IPS Tips

F - Year 2 (approximately)- DOING MATHS TOGETHER AT HOME.
A child’s first years are a time of rapid learning. Research tells us that babies have an innate capacity to understand numbers. As your child’s first teacher, you play a key role in developing their numeracy skills from an early age.
Developing numeracy skills early gives children an important foundation for their learning and development. It helps prepare them for daily life, including general problem solving and handling money.
Maths includes noticing numbers, shapes, patterns, size, time and measurement. Incorporating maths into everyday experiences is easy and fun. Maths is everywhere – in the playground, at the shops and at home.

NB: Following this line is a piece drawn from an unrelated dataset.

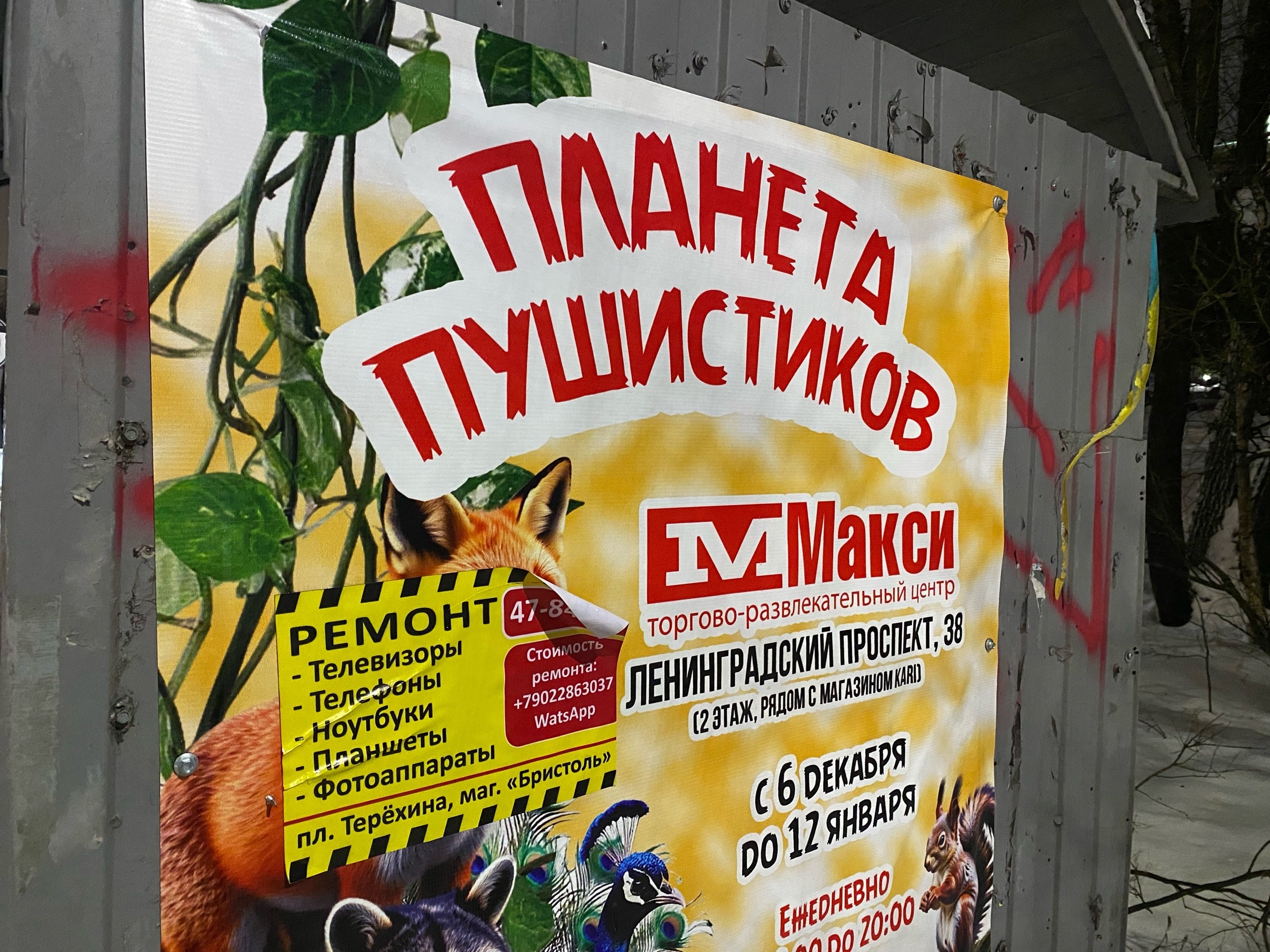 Видя наплевательское отношение властей и горожан к павильонам ожидания, аналогичное поведение демонстрируют и заезжие гастролеры. Например, афиша выставки животных прикреплена к остановке на улице Советской саморезами. То есть расклейщики объявлений взяли с собой даже не клей или скотч, а шуруповерт. В итоге острый наконечник самореза торчит снаружи и представляет опасность для тех, кто захочет облокотиться на павильон. Хотя, видя состояние остановки, вряд ли такие найдутся.

Children need lots of experiences in making, counting, drawing and talking about numbers. The activities in this section will help your child to develop these skills. You may feel the maths your child is doing at school is different from how you were taught, but you can still support your child in many ways. Make connections for your child by explaining how numbers and counting are a part of everyday life.
Playing shop
Playing shop helps ground your child’s maths learning in the real world while also developing their social skills. One way to play shop is to create a mini-shop at home. Here are a few tips and activities:
- Collect food and grocery items and label them with prices written on sticky notes, or prices cut out of shopping catalogues.
- Talk about how we pay for items using coins, notes and cards.
- Make paper money or use play money to buy and sell goods from the mini-shop.
- Collect old receipts or price tags and use them in the mini- shop.
- Notice the features of different coins, including their shapes and the animals and people shown. Discuss the differences. Create coin rubbings with pencils and paper.
- Encourage your child to order food items by height (tallest to the shortest) or by cost (least expensive to most expensive).
- Introduce kitchen scales to the mini-shop to weigh foods, such as a box of tea bags or a bag of rice, and order items by weight.
Year 3 - 6 (approximately)- EXPLORING NUMERACY WITH YOUR CHILD.
Family participation in learning is one of the most accurate predictors of a child’s success in school and beyond.
Providing opportunities to discuss and engage in mathematics supports your child’s learning in and out of school. Your child will also begin to connect the importance of maths with their everyday activities, such as navigating public transport, comparing and choosing the best item to buy in stores, setting a budget, and cooking.
Talk positively about maths so your child also values it. If your experiences in maths at school were less than ideal, avoid making comments like “I was bad at maths at school,” or “I didn’t like maths because it was too hard.” Comments like these can lower your child’s expectations of themselves, and can perpetuate myths about people being naturally bad or good at maths.
Conversely, if you did well at maths in school, avoid jumping in with answers or solutions. Encourage your child to talk about how they might work out maths problems. This helps boost their confidence and deepens their understanding.
Regardless of your own school experiences in maths, be reassured that maths today is not about learning by rote. Today, the focus is on recognising that there are multiple ways to get an answer, and being able to explain how and why you chose the approach you did.
There are many activities you can do at home to help explore maths with your child. When participating in these activities, avoid associating them with speed. Expecting your child to work quickly on maths can cause maths anxiety.
Try to focus on the process and not the outcome.
Travel timetables
Here are some questions to ask your child that improve their knowledge of time and their problem solving skills:
- Can you identify your starting point on the timetable?
- What is the earliest and latest time to travel on this route?
- How long does it take to travel the entire route?
- How many stops are there on this route?
- What is the difference in the time travelled when not making all the stops?
- What is the cost? Is it good value compared to other travel options?
- Which is the best route to travel? Why do you think this?
- To get to training on time, when will you need to leave?